KISAH SUFI : ABU IBROHIM ALI AL KHOWAS RAHIMAHULLOH
Abu Ishaq Ibrahim al-Khauwash dari Samara adalah seorang sahabat al-Junaid, ia termasyhur karena pengembaraan-pengembaraannya yang lama di padang pasir. Ia meninggal dunia di Rayy pada tahun 291 H/ 904 M.
(Kisah sufi ini penuh dengan kata-kata tingkat tinggi yang mungkin sulit dimengerti orang awam. Bila anda tidak begitu memahami sebaiknya tidak perlu melanjutkan membacanya supaya tidak terjadi salah paham – pen)

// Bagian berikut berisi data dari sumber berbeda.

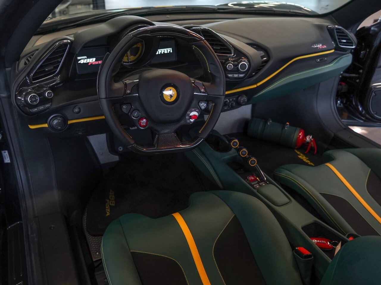 Nero Daytona exterior with Verde leather interior. Only 382 miles! Two-tone Racing stripe, Suspension lifter, Carbon fiber racing seats, Loaded w/carbon fiber!
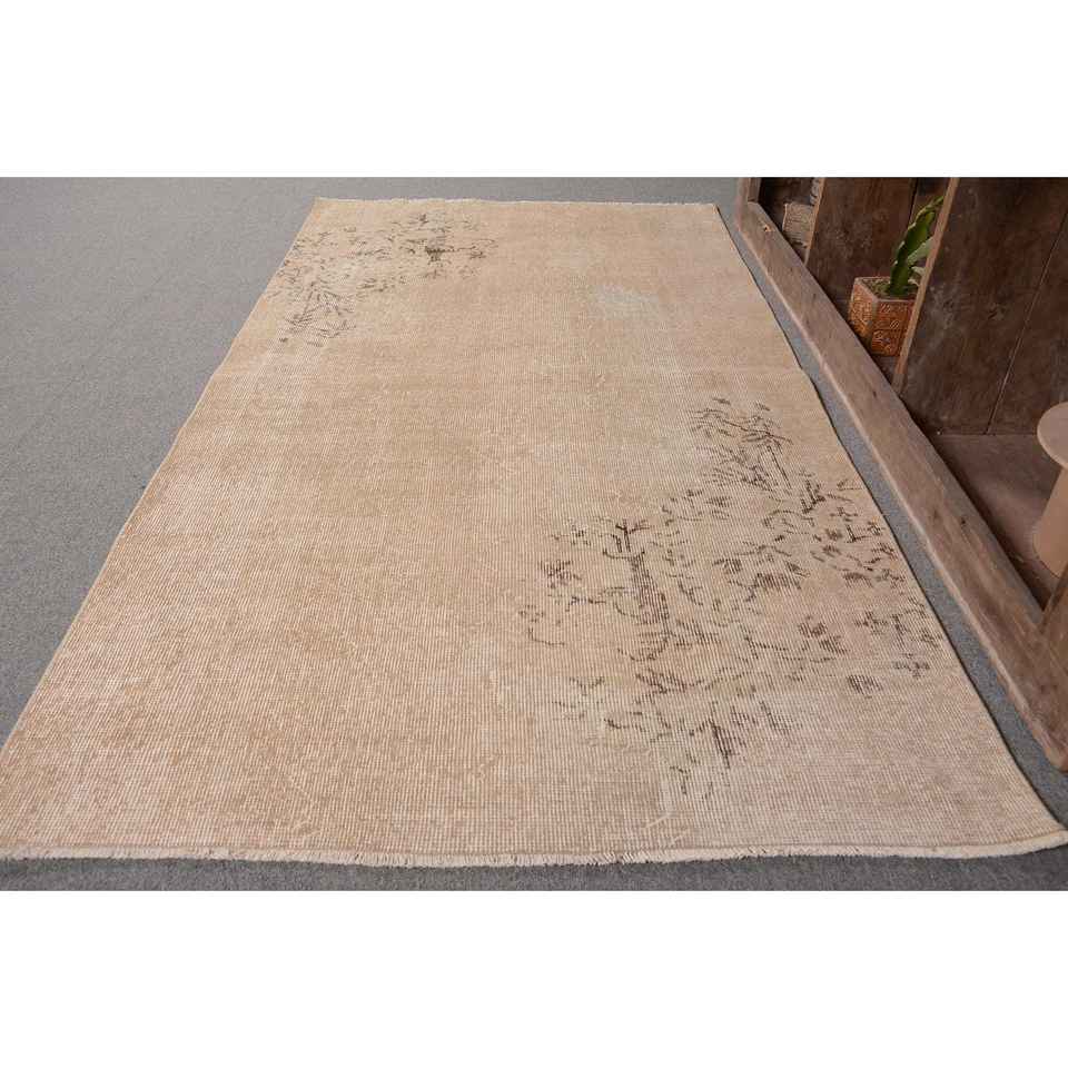 Vintage Turkish Rug Beige 3.6 X 6.6ft Handmade Wool Large Area Rectangle Patchwork Design for Hallway Latex Backing Room Rug
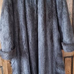 Brun jacka med luva och pälskrage. Jackan har dragkedja och knäppning framtill.
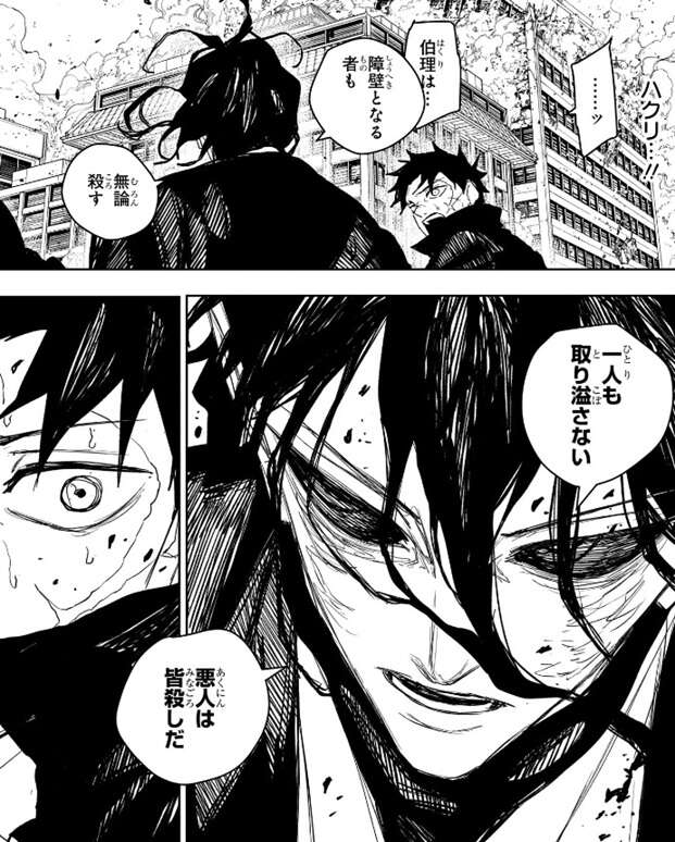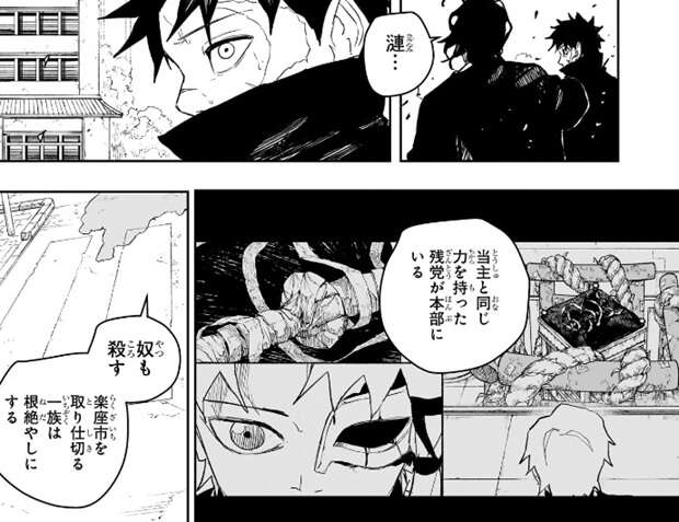 俺は使命を全うする、と剣聖は言うと、漣…、当主と同じ力を持った残党が本部にいる、奴も殺す、楽座市を取り仕切る一族は根絶やしにする、とハクリを殺すと言い出します。
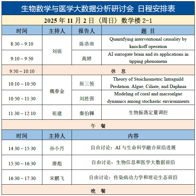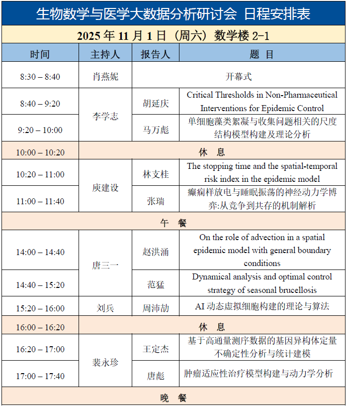 举办。本次研讨会的目的是交流生物数学、生物信息学和医学大数据分析领域的最新研究成果和发展动态。围绕生命科学、生物医学、理论生态等领域的实际问题,深入探讨数学、统计学与数据科学最新成果在生物、生态和医学等系统理论研究中的重要作用,通过问题驱动的理论研究促进生物数学、生物信息学和大数据科学的理论发展,提升采用统计与计算方法分析处理生物医学、生态学、农学等领域实际数据的能力。此次研讨会将为参会人员搭建学术交流、科学研究、合作分享的平台,为动力系统、微分方程、生物数学、生物统计与信息学、公共卫生和医学等方向的硕士生、博士生、博士后和青年教师提供良好的学习机会和交流平台。

IBRAHIM AL-KHAUWASH DI PADANG PASIR
Ibrahim al-Khauwash semasa dengan Junaid dan Nuri, beliau terkenal sebagai pemimpin orang-orang yang berpasrah diri kepada Allah. Sedemikian pasrahnya ia kepada Allah sehingga karena tercium buah apel saja ia mau menempuh perjalanan menempuh padang pasir. Tetapi betatapun uniknya, di dalam kepasrahannya itu, ia tidak pernah lupa membawa jarum, benang, gunting dan botol. Apabila ditanyakan mengapa ia membawa benda-benda itu, maka jawabnya : “Benda-benda yang sedikit ini tidak mengurangi kepasrahanku,”. Berikut ini adalah kisah tentang keanehan-keanehan yang dialaminya di dalam pengembaraannya itu.

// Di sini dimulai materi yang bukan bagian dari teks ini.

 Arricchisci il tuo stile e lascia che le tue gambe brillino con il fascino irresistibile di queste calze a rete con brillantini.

Sewaktu aku di tengah padang pasir aku melihat seorang gadis yang berada dalam keadaan fokus dan berjalan-jalan tanpa penutup kepala.

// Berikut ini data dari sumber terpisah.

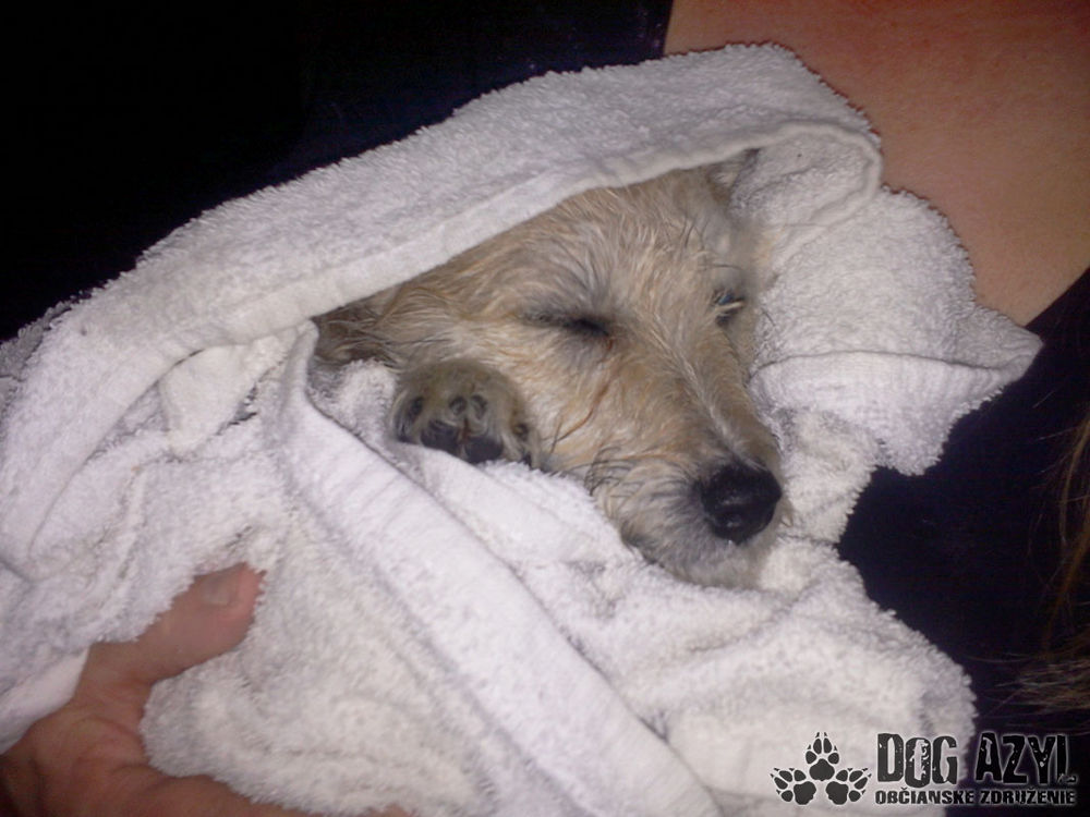 Elza je ako šteniatko z rozprávky Lady a Tramp :) Maličká nám bola nahlásená v Dunajskej Strede, kde sa nachádzala na ulici, je to asi 2 mesačné šteniatko kríženca. Je maličká a nádherná, trochu sa bojí, aj sa od strachu pocikala, ale inak je milá, prítulná, okúpaná a len spinká :)
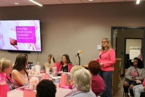 Women of all ages packed the Todd County Library Community Room Saturday to support breast cancer patients and survivors. Just 13 months from her diagnosis, Samantha Boley shared her journey.
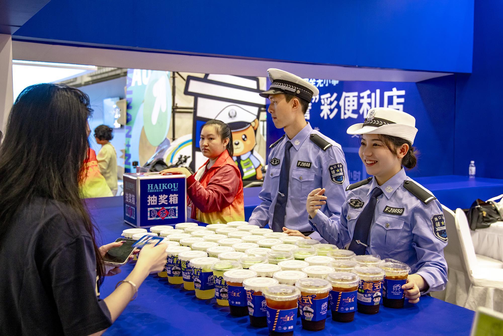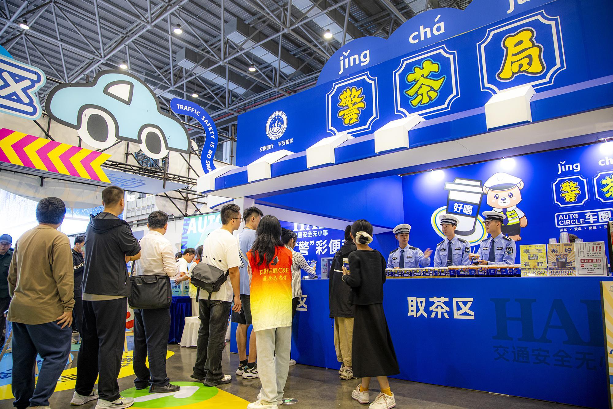 走進(jìn)1號(hào)展館,“警茶局”創(chuàng)意攤位前排起長(zhǎng)龍。市民掃描二維碼參與“交通安全快測(cè)”答題,答對(duì)6題即可兌換限量特調(diào)飲品——清新檸檬茶“幸盔有檸”杯身印有醒目戴頭盔安全提示,咖啡特調(diào)“系好美式”以安全帶印制“系好安全帶,平安出發(fā)”標(biāo)語(yǔ),巧妙融合普法知識(shí)點(diǎn)。交警化身“茶飲師”為市民送上安全特調(diào)飲品,貼心叮囑出行安全事項(xiàng),警民互動(dòng)其樂(lè)融融。
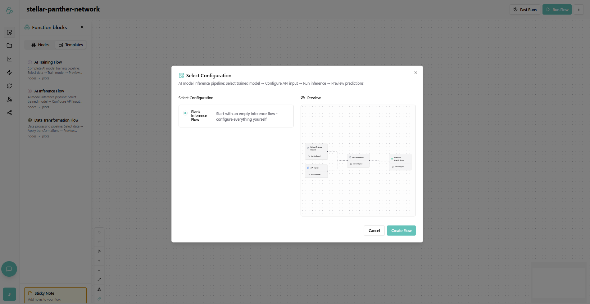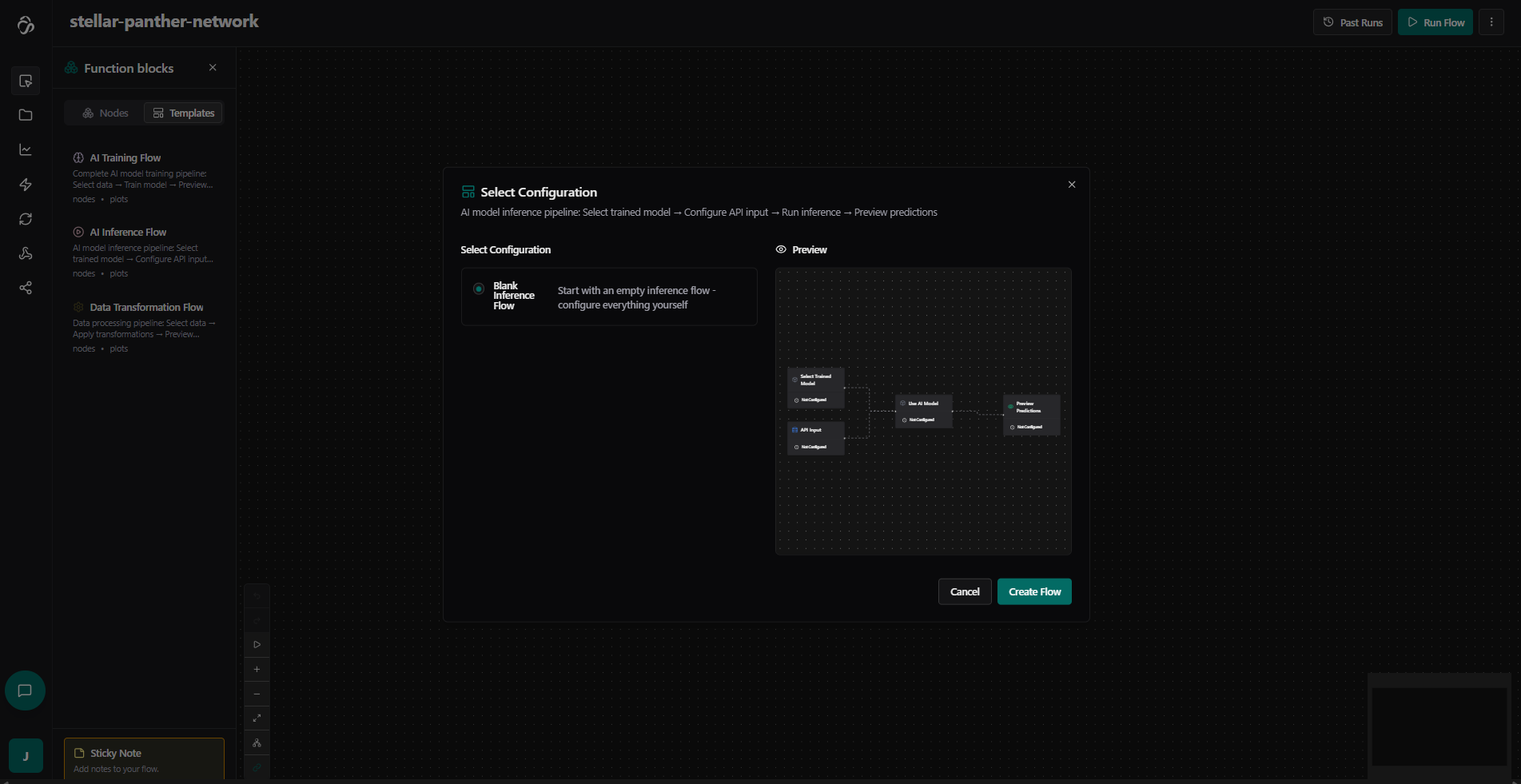 Alternatively you can add them in the chat or from an inference template. Simply select the node luibrary, navigate to the template tab and select Ai Inference Flow. Here we are chooing the blank flow.
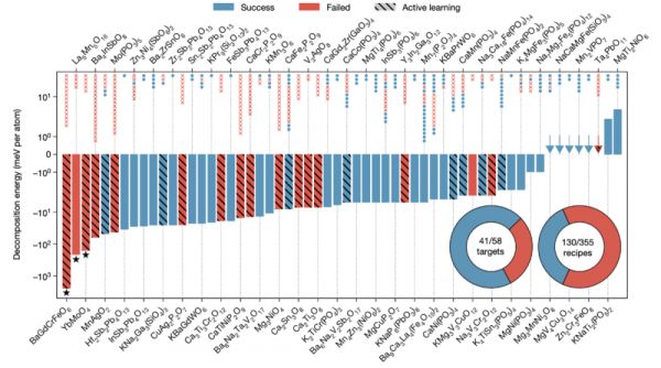 值得一提的是,在一次测试任务中,A-Lab 成功合成了 58 种预测材料中的 41 种,成功率达到了 71%。

“Wahai anak gadis, tutuplah kepalamu,” aku berseru kepadanya.
“Wahai Khauwash, tutuplah matamu,” balas gadis itu.
“Aku sedang mencinta,” sahutku, dan seorang pencinta tidak akan menutup matanya sedang engkau hanya terpandang olehku secara tidak sengaja.”
“Aku sedang mabuk,” balas gadis itu, ”dan seorang pemabuk tidak akan menutup kepalanya.”
“Di warung manakah engkau telah menjadi mabuk?.” tanyaku.
“Berhati-hatilah Khauwash,” si gadis berseru. “Engkau telah menyakiti hatiku. Selain dari Allah, siapakah yang berada di dua tempat?.”
“Anak gadis apakah engkau ingin aku temani?.” Aku bertanya.
Engkau masih bodoh, Khauwash” jawabku. “Aku bukanlah semacam perempuan yang mendambakan lelaki.”
Pas suatu ketika, sewaktu berada di tengah padang pasir, aku melihat Khidir dalam rupa seekor burung yang sedang terbang. Setelah mengetahui siapa sebenarnya burung itu, segera aku menundukkan kepalaku. Aku takut kepasrahanku kepada Allah akan berkurang. Seketika itu juga Khidir menghampiriku dan berkata:
“Seandainya engkau terus memandangku, niscaya aku tidak akan turun menemuimu.”
Namun aku mengucapkan salam kepadanya karena aku takut kepasrahanku kepada Allah akan berkurang.